======== Records to use ========

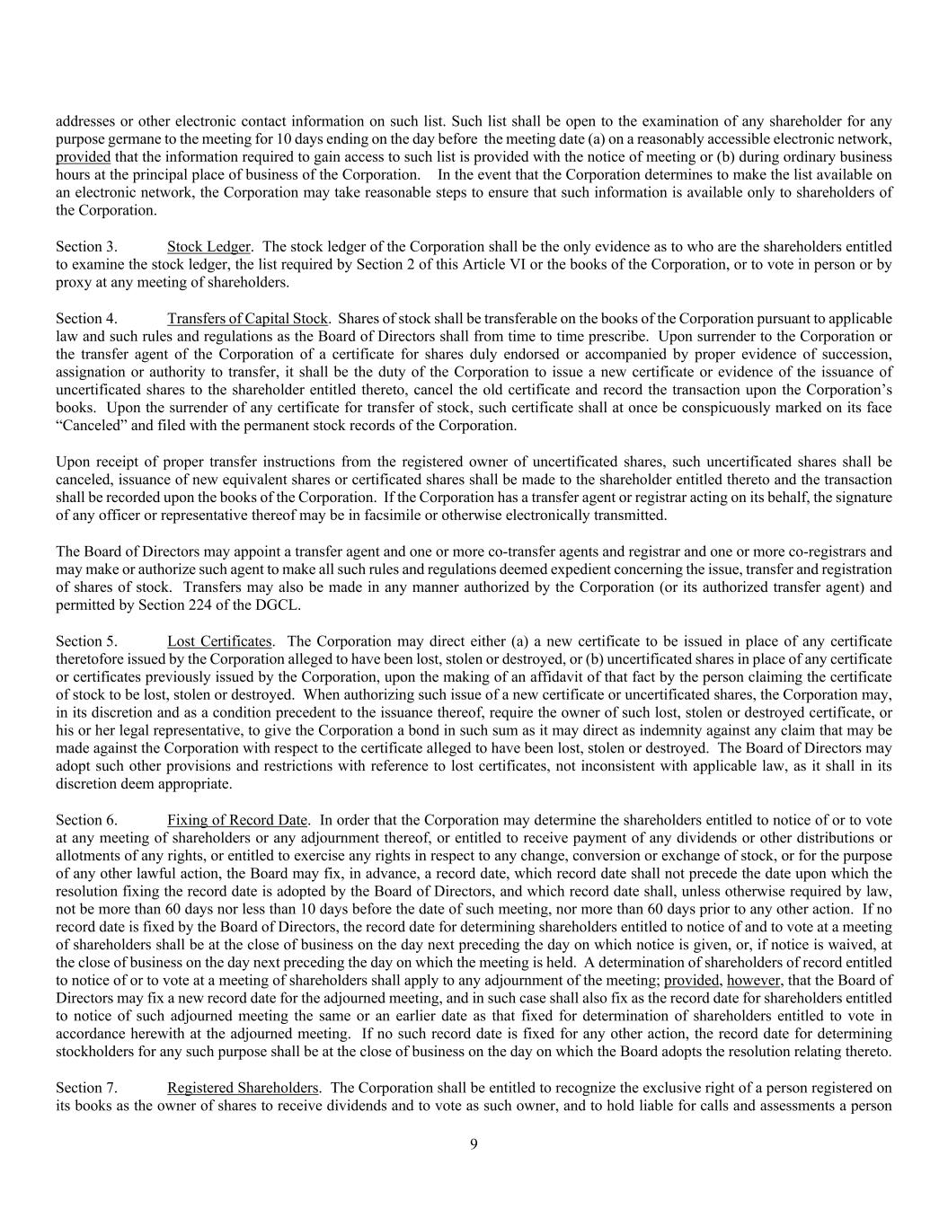 9 addresses or other electronic contact information on such list. Such list shall be open to the examination of any shareholder for any purpose germane to the meeting for 10 days ending on the day before the meeting date (a) on a reasonably accessible electronic network, provided that the information required to gain access to such list is provided with the notice of meeting or (b) during ordinary business hours at the principal place of business of the Corporation. In the event that the Corporation determines to make the list available on an electronic network, the Corporation may take reasonable steps to ensure that such information is available only to shareholders of the Corporation. Section 3. Stock Ledger. The stock ledger of the Corporation shall be the only evidence as to who are the shareholders entitled to examine the stock ledger, the list required by Section 2 of this Article VI or the books of the Corporation, or to vote in person or by proxy at any meeting of shareholders. Section 4. Transfers of Capital Stock. Shares of stock shall be transferable on the books of the Corporation pursuant to applicable law and such rules and regulations as the Board of Directors shall from time to time prescribe. Upon surrender to the Corporation or the transfer agent of the Corporation of a certificate for shares duly endorsed or accompanied by proper evidence of succession, assignation or authority to transfer, it shall be the duty of the Corporation to issue a new certificate or evidence of the issuance of uncertificated shares to the shareholder entitled thereto, cancel the old certificate and record the transaction upon the Corporation’s books. Upon the surrender of any certificate for transfer of stock, such certificate shall at once be conspicuously marked on its face “Canceled” and filed with the permanent stock records of the Corporation. Upon receipt of proper transfer instructions from the registered owner of uncertificated shares, such uncertificated shares shall be canceled, issuance of new equivalent shares or certificated shares shall be made to the shareholder entitled thereto and the transaction shall be recorded upon the books of the Corporation. If the Corporation has a transfer agent or registrar acting on its behalf, the signature of any officer or representative thereof may be in facsimile or otherwise electronically transmitted. The Board of Directors may appoint a transfer agent and one or more co-transfer agents and registrar and one or more co-registrars and may make or authorize such agent to make all such rules and regulations deemed expedient concerning the issue, transfer and registration of shares of stock. Transfers may also be made in any manner authorized by the Corporation (or its authorized transfer agent) and permitted by Section 224 of the DGCL. Section 5. Lost Certificates. The Corporation may direct either (a) a new certificate to be issued in place of any certificate theretofore issued by the Corporation alleged to have been lost, stolen or destroyed, or (b) uncertificated shares in place of any certificate or certificates previously issued by the Corporation, upon the making of an affidavit of that fact by the person claiming the certificate of stock to be lost, stolen or destroyed. When authorizing such issue of a new certificate or uncertificated shares, the Corporation may, in its discretion and as a condition precedent to the issuance thereof, require the owner of such lost, stolen or destroyed certificate, or his or her legal representative, to give the Corporation a bond in such sum as it may direct as indemnity against any claim that may be made against the Corporation with respect to the certificate alleged to have been lost, stolen or destroyed. The Board of Directors may adopt such other provisions and restrictions with reference to lost certificates, not inconsistent with applicable law, as it shall in its discretion deem appropriate. Section 6. Fixing of Record Date. In order that the Corporation may determine the shareholders entitled to notice of or to vote at any meeting of shareholders or any adjournment thereof, or entitled to receive payment of any dividends or other distributions or allotments of any rights, or entitled to exercise any rights in respect to any change, conversion or exchange of stock, or for the purpose of any other lawful action, the Board may fix, in advance, a record date, which record date shall not precede the date upon which the resolution fixing the record date is adopted by the Board of Directors, and which record date shall, unless otherwise required by law, not be more than 60 days nor less than 10 days before the date of such meeting, nor more than 60 days prior to any other action. If no record date is fixed by the Board of Directors, the record date for determining shareholders entitled to notice of and to vote at a meeting of shareholders shall be at the close of business on the day next preceding the day on which notice is given, or, if notice is waived, at the close of business on the day next preceding the day on which the meeting is held. A determination of shareholders of record entitled to notice of or to vote at a meeting of shareholders shall apply to any adjournment of the meeting; provided, however, that the Board of Directors may fix a new record date for the adjourned meeting, and in such case shall also fix as the record date for shareholders entitled to notice of such adjourned meeting the same or an earlier date as that fixed for determination of shareholders entitled to vote in accordance herewith at the adjourned meeting. If no such record date is fixed for any other action, the record date for determining stockholders for any such purpose shall be at the close of business on the day on which the Board adopts the resolution relating thereto. Section 7. Registered Shareholders. The Corporation shall be entitled to recognize the exclusive right of a person registered on its books 
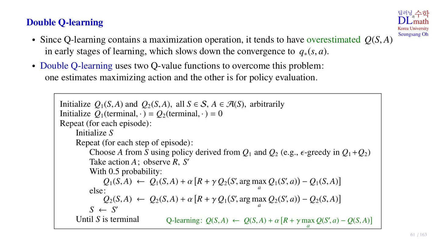 Q-learning의 한계를 극복하기 위해 2개의 Q-value function을 사용한다.
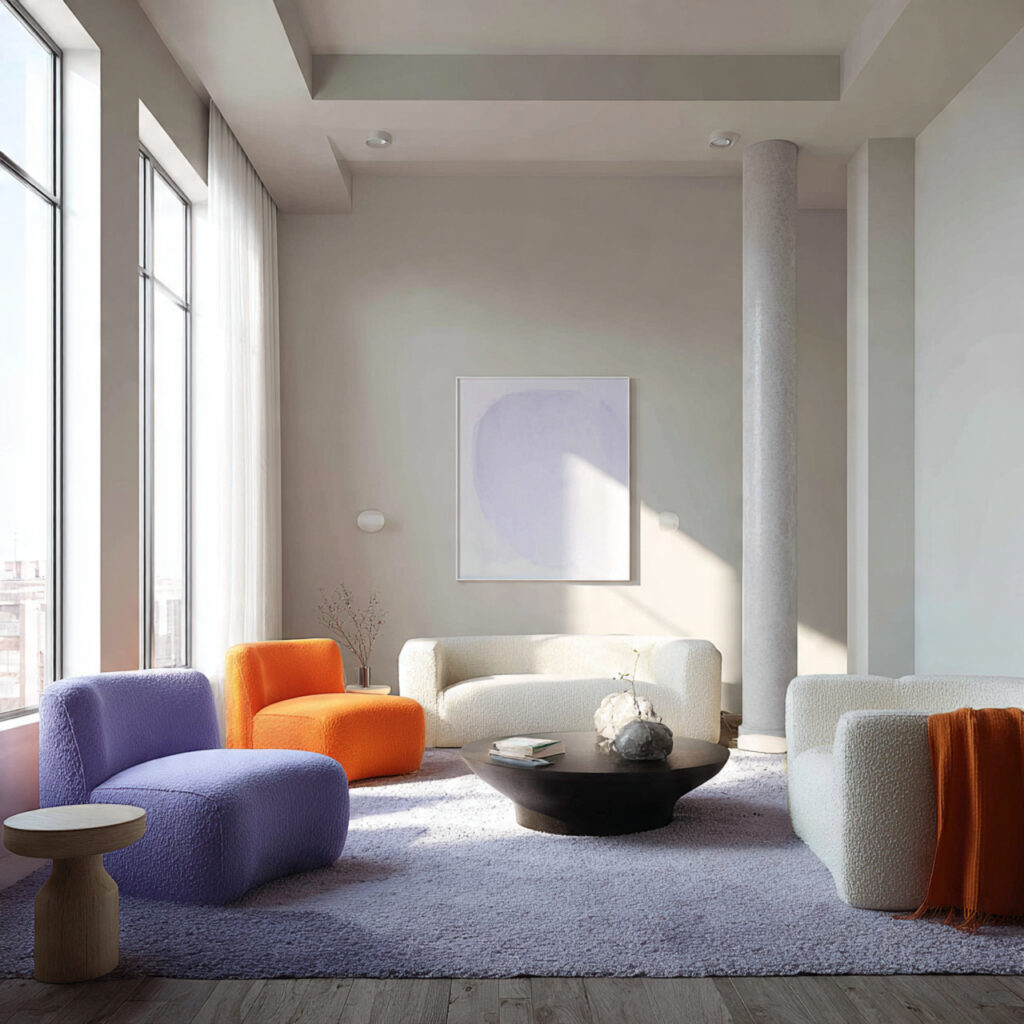 Warm whites create a soft backdrop that allows furniture and textures to stand out gently. The room feels calm, balanced, and easy to spend time in.
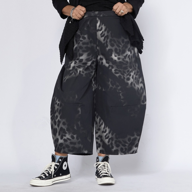 Pantalon en coton avec imprimé léopard. Bande élastique à la taille. Poches latérales rétractables. Coupe ballon. Ajustement large et confortable.
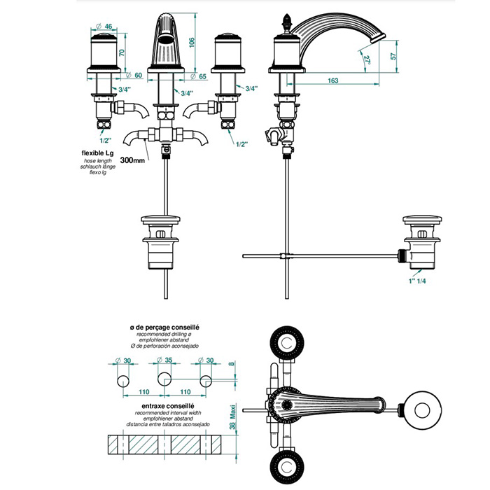 THG Malmaison Portoro Смеситель для раковины на 3 отверстия, с донным клапаном, цвет: состаренный никель коллекции Malmaison Portoro можно купить по розничной цене в нашем шоу-руме в Москве по адресу ул. Дениса Давыдова, д. 4 или через наш интернет-магазин StudioArdo.

========

• Assignment:
Except for the pictures, please retype the listing above exactly.

• Answer box:
 9 addresses or other electronic contact information on such list. Such list shall be open to the examination of any shareholder for any purpose germane to the meeting for 10 days ending on the day before the meeting date (a) on a reasonably accessible electronic network, provided that the information required to gain access to such list is provided with the notice of meeting or (b) during ordinary business hours at the principal place of business of the Corporation. In the event that the Corporation determines to make the list available on an electronic network, the Corporation may take reasonable steps to ensure that such information is available only to shareholders of the Corporation. Section 3. Stock Ledger. The stock ledger of the Corporation shall be the only evidence as to who are the shareholders entitled to examine the stock ledger, the list required by Section 2 of this Article VI or the books of the Corporation, or to vote in person or by proxy at any meeting of shareholders. Section 4. Transfers of Capital Stock. Shares of stock shall be transferable on the books of the Corporation pursuant to applicable law and such rules and regulations as the Board of Directors shall from time to time prescribe. Upon surrender to the Corporation or the transfer agent of the Corporation of a certificate for shares duly endorsed or accompanied by proper evidence of succession, assignation or authority to transfer, it shall be the duty of the Corporation to issue a new certificate or evidence of the issuance of uncertificated shares to the shareholder entitled thereto, cancel the old certificate and record the transaction upon the Corporation’s books. Upon the surrender of any certificate for transfer of stock, such certificate shall at once be conspicuously marked on its face “Canceled” and filed with the permanent stock records of the Corporation. Upon receipt of proper transfer instructions from the registered owner of uncertificated shares, such uncertificated shares shall be canceled, issuance of new equivalent shares or certificated shares shall be made to the shareholder entitled thereto and the transaction shall be recorded upon the books of the Corporation. If the Corporation has a transfer agent or registrar acting on its behalf, the signature of any officer or representative thereof may be in facsimile or otherwise electronically transmitted. The Board of Directors may appoint a transfer agent and one or more co-transfer agents and registrar and one or more co-registrars and may make or authorize such agent to make all such rules and regulations deemed expedient concerning the issue, transfer and registration of shares of stock. Transfers may also be made in any manner authorized by the Corporation (or its authorized transfer agent) and permitted by Section 224 of the DGCL. Section 5. Lost Certificates. The Corporation may direct either (a) a new certificate to be issued in place of any certificate theretofore issued by the Corporation alleged to have been lost, stolen or destroyed, or (b) uncertificated shares in place of any certificate or certificates previously issued by the Corporation, upon the making of an affidavit of that fact by the person claiming the certificate of stock to be lost, stolen or destroyed. When authorizing such issue of a new certificate or uncertificated shares, the Corporation may, in its discretion and as a condition precedent to the issuance thereof, require the owner of such lost, stolen or destroyed certificate, or his or her legal representative, to give the Corporation a bond in such sum as it may direct as indemnity against any claim that may be made against the Corporation with respect to the certificate alleged to have been lost, stolen or destroyed. The Board of Directors may adopt such other provisions and restrictions with reference to lost certificates, not inconsistent with applicable law, as it shall in its discretion deem appropriate. Section 6. Fixing of Record Date. In order that the Corporation may determine the shareholders entitled to notice of or to vote at any meeting of shareholders or any adjournment thereof, or entitled to receive payment of any dividends or other distributions or allotments of any rights, or entitled to exercise any rights in respect to any change, conversion or exchange of stock, or for the purpose of any other lawful action, the Board may fix, in advance, a record date, which record date shall not precede the date upon which the resolution fixing the record date is adopted by the Board of Directors, and which record date shall, unless otherwise required by law, not be more than 60 days nor less than 10 days before the date of such meeting, nor more than 60 days prior to any other action. If no record date is fixed by the Board of Directors, the record date for determining shareholders entitled to notice of and to vote at a meeting of shareholders shall be at the close of business on the day next preceding the day on which notice is given, or, if notice is waived, at the close of business on the day next preceding the day on which the meeting is held. A determination of shareholders of record entitled to notice of or to vote at a meeting of shareholders shall apply to any adjournment of the meeting; provided, however, that the Board of Directors may fix a new record date for the adjourned meeting, and in such case shall also fix as the record date for shareholders entitled to notice of such adjourned meeting the same or an earlier date as that fixed for determination of shareholders entitled to vote in accordance herewith at the adjourned meeting. If no such record date is fixed for any other action, the record date for determining stockholders for any such purpose shall be at the close of business on the day on which the Board adopts the resolution relating thereto. Section 7. Registered Shareholders. The Corporation shall be entitled to recognize the exclusive right of a person registered on its books 
 Q-learning의 한계를 극복하기 위해 2개의 Q-value function을 사용한다.
 Warm whites create a soft backdrop that allows furniture and textures to stand out gently. The room feels calm, balanced, and easy to spend time in.
 Pantalon en coton avec imprimé léopard. Bande élastique à la taille. Poches latérales rétractables. Coupe ballon. Ajustement large et confortable.
 THG Malmaison Portoro Смеситель для раковины на 3 отверстия, с донным клапаном, цвет: состаренный никель коллекции Malmaison Portoro можно купить по розничной цене в нашем шоу-руме в Москве по адресу ул. Дениса Давыдова, д. 4 или через наш интернет-магазин StudioArdo.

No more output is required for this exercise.